Robert Chambers refers the following singular lines to the man in the moon: adding, "The allusion to Jerusalem pipes is curious; Jerusalem is often applied, in Scottish popular fiction, to things of a nature above this world":
"I sat upon my houtie croutie (hams),
I lookit owre my rumple routie (haunch),
And saw John Heezlum Peezlum
Playing on Jerusalem pipes." [29]
Here is an old-fashioned couplet belonging probably to our northern borders:
"The man in the moon
Sups his sowins with a cutty spoon."
Halliwell explains sowins to be a Northumberland dish of coarse oatmeal and milk, and a cutty spoon to be a very small spoon. [30]
Wales is not without a memorial of this myth, for Mr. Baring-Gould tells us that "there is an ancient pictorial representation of our friend the Sabbath-breaker in Gyffyn Church, near Conway. The roof of the chancel is divided into compartments, in four of which are the evangelistic symbols, rudely, yet effectively painted. Besides these symbols is delineated in each compartment an orb of heaven. The sun, the moon, and two stars, are placed at the feet of the Angel, the Bull, the Lion, and the Eagle. The representation of the moon is as follows: in the disk is the conventional man with his bundle of sticks, but without the dog." [31] Mr. Gould says, "our friend the Sabbath-breaker" perhaps the artist would have said "the thief," for stealing appears to be more antique.
REPRESENTATION IN GYFFYN CHURCH, NEAR CONWAY.
A French superstition, lingering to the present day, regards the man in the moon as Judas Iscariot, transported to the moon for his treason. This plainly is a Christian invention. Some say the figure is Isaac bearing a burthen of wood for the sacrifice of himself on Mount Moriah. Others that it is Cain carrying a bundle of thorns on his shoulder, and offering to the Lord the cheapest gift from the field. [32] This was Dante's view, as the succeeding passages will show:
"For now doth Cain with fork of thorns confine
On either hemisphere, touching the wave
Beneath the towers of Seville. Yesternight
The moon was round."
(Hell. Canto xx., line 123.) "But tell, I pray thee, whence the gloomy spots Upon this body, which below on earth Give rise to talk of Cain in fabling quaint?" (Paradise, ii. 50.) [33]
When we leave Europe, and look for the man in the moon under other skies, we find him, but with an altogether new aspect. He is the same, and yet another; another, yet the same. In China he plays a pleasing part in connubial affairs. "The Chinese 'Old Man in the Moon' is known as Yue-lao, and is reputed to hold in his hands the power of predestining the marriages of mortals--so that marriages, if not, according to the native idea, exactly made in heaven, are made somewhere beyond the bounds of earth. He is supposed to tie together the future husband and wife with an invisible silken cord, which never parts so long as life exists." [34] This must be the man of the Honey-moon, and we shall not meet his superior in any part of the world. Among the Khasias of the Himalaya Mountains "the changes of the moon are accounted for by the theory that this orb, who is a man, monthly falls in love with his wife's mother, who throws ashes in his face. The sun is female." [35] The Slavonic legend, following the Himalayan, says that "the moon, King of night and husband of the sun, faithlessly loves the morning Star, wherefore he was cloven through in punishment, as we see him in the sky." [36]

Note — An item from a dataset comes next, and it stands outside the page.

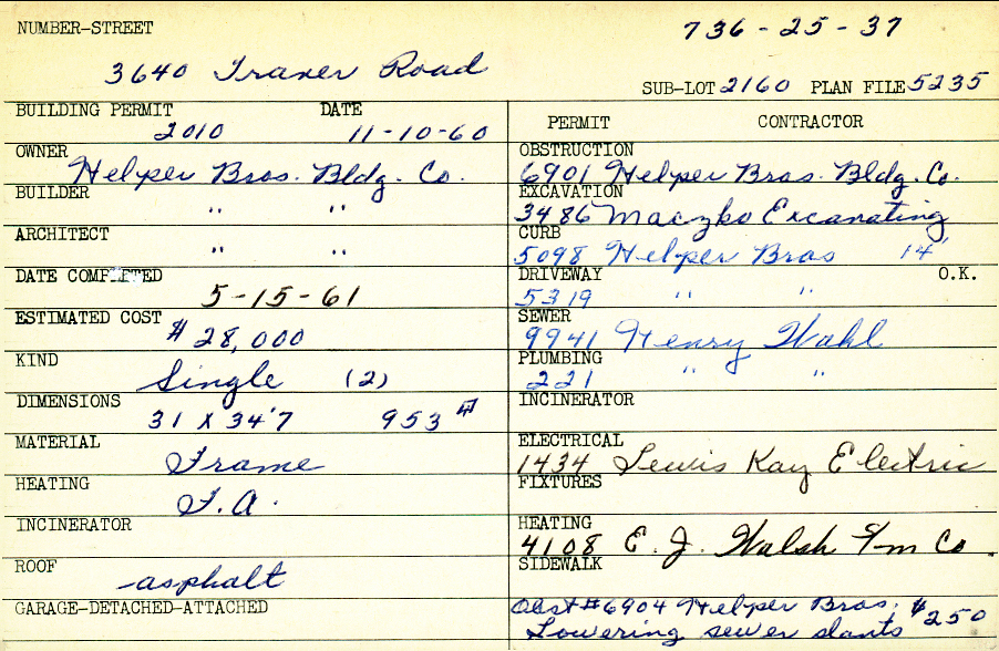 3640 Traver Road Shaker Heights, OH 44122 PARCEL ID: 736-25-037 Building Permit Date: 11-10-1960 Plan File Number: 5235 Microfilm Roll: Roll#72 Neighborhood: Sussex Owner: Helper Brothers Building Company Builder: Helper Brothers Building Company Architect: Helper Brothers Building Company Estimated Cost: 28000 Date Completed: 05-15-1961 Kind: Single, Single Residence or Dwelling (2) Material: Frame Heating: Forced Air Roof: Asphalt |

"One man in his time plays many parts," and the man in the moon is no exception to the rule. In Africa his rôle is a trying one; for "in Bushman astrological mythology the moon is looked upon as a man who incurs the wrath of the sun, and is consequently pierced by the knife (i.e. rays) of the latter. This process is repeated until almost the whole of the moon is cut away, and only a little piece left; which the moon piteously implores the sun to spare for his (the moon's) children. (The moon is in Bushman mythology a male being.) From this little piece, the moon gradually grows again until it becomes a full moon, when the sun's stabbing and cutting processes recommence." [37]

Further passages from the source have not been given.